Two-dimensional Yang-Mills theory, Painleve equations and the six-vertex model

TL;DR

This paper establishes deep connections between two-dimensional Yang-Mills theory, the six-vertex model, and Painleve equations, revealing new integrable structures and phase behavior insights through matrix models and tau-functions.

Contribution

It demonstrates the mapping of Yang-Mills partition functions to six-vertex models and Painleve equations, introducing a unified integrable framework and matrix model representations.

Findings

Partition function mapped to six-vertex model with domain wall boundary conditions.

Partition function expressed as a tau-function of Painleve V equation.
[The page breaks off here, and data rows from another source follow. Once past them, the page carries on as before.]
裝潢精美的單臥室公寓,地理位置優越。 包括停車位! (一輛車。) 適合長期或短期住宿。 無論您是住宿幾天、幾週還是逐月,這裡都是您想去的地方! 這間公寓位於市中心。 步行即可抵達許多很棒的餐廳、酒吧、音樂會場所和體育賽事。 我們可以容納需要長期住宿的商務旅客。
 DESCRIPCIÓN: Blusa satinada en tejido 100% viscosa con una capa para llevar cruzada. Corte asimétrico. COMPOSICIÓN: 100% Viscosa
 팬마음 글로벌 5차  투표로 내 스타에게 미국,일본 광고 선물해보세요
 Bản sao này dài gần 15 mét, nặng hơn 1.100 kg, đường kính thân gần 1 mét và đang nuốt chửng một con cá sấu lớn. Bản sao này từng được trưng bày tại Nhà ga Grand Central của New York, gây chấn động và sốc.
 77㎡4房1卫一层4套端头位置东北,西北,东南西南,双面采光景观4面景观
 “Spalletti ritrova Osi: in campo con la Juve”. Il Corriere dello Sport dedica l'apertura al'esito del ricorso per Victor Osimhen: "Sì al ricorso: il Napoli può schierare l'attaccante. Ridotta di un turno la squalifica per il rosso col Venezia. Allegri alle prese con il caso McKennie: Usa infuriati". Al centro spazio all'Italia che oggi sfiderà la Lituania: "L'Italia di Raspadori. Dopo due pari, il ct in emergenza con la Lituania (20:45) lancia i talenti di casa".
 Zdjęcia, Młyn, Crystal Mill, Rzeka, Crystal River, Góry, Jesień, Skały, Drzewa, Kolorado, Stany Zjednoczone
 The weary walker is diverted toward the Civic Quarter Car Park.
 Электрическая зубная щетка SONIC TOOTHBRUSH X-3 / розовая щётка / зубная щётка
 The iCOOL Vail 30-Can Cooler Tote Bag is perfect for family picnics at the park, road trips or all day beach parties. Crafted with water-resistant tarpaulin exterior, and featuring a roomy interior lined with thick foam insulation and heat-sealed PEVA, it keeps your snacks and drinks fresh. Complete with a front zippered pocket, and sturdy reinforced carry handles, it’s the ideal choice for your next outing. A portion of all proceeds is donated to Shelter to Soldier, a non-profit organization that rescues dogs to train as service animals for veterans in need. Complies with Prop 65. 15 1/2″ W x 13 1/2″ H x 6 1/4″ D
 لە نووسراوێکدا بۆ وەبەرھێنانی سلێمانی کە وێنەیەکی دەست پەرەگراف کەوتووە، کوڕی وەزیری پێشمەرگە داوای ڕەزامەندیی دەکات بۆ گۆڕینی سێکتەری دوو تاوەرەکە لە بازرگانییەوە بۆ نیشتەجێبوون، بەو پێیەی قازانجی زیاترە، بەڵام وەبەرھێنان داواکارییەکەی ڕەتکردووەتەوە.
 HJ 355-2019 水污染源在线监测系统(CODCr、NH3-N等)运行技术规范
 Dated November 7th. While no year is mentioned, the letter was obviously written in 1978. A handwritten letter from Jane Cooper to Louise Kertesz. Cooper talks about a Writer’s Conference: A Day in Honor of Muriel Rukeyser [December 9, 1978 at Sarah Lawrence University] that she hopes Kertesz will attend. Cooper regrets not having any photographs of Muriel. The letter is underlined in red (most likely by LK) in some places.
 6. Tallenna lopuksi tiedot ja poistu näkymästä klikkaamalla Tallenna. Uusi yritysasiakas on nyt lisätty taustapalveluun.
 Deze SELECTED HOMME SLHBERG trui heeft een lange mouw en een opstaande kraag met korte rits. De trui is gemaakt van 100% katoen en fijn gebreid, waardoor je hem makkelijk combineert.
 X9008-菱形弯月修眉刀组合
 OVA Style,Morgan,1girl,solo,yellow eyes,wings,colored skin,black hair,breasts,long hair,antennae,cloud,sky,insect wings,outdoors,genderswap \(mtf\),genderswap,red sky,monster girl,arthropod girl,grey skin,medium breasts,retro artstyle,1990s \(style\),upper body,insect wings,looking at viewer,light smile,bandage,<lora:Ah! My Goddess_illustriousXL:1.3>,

Thermodynamic phases described by q-deformations of Yang-Mills theory.

Abstract

We show that the chiral partition function of two-dimensional Yang-Mills theory on the sphere can be mapped to the partition function of the homogeneous six-vertex model with domain wall boundary conditions in the ferroelectric phase. A discrete matrix model description in both cases is given by the Meixner ensemble, leading to a representation in terms of a stochastic growth model. We show that the partition function is a particular case of the z-measure on the set of Young diagrams, yielding a unitary matrix model for chiral Yang-Mills theory on the sphere and the identification of the partition function as a tau-function of the Painleve V equation. We describe the role played by generalized non-chiral Yang-Mills theory on the sphere in relating the Meixner matrix model to the Toda chain hierarchy encompassing the integrability of the six-vertex model. We also argue that the thermodynamic behaviour of the six-vertex model in the disordered and antiferroelectric phases are captured by particular q-deformations of two-dimensional Yang-Mills theory on the sphere.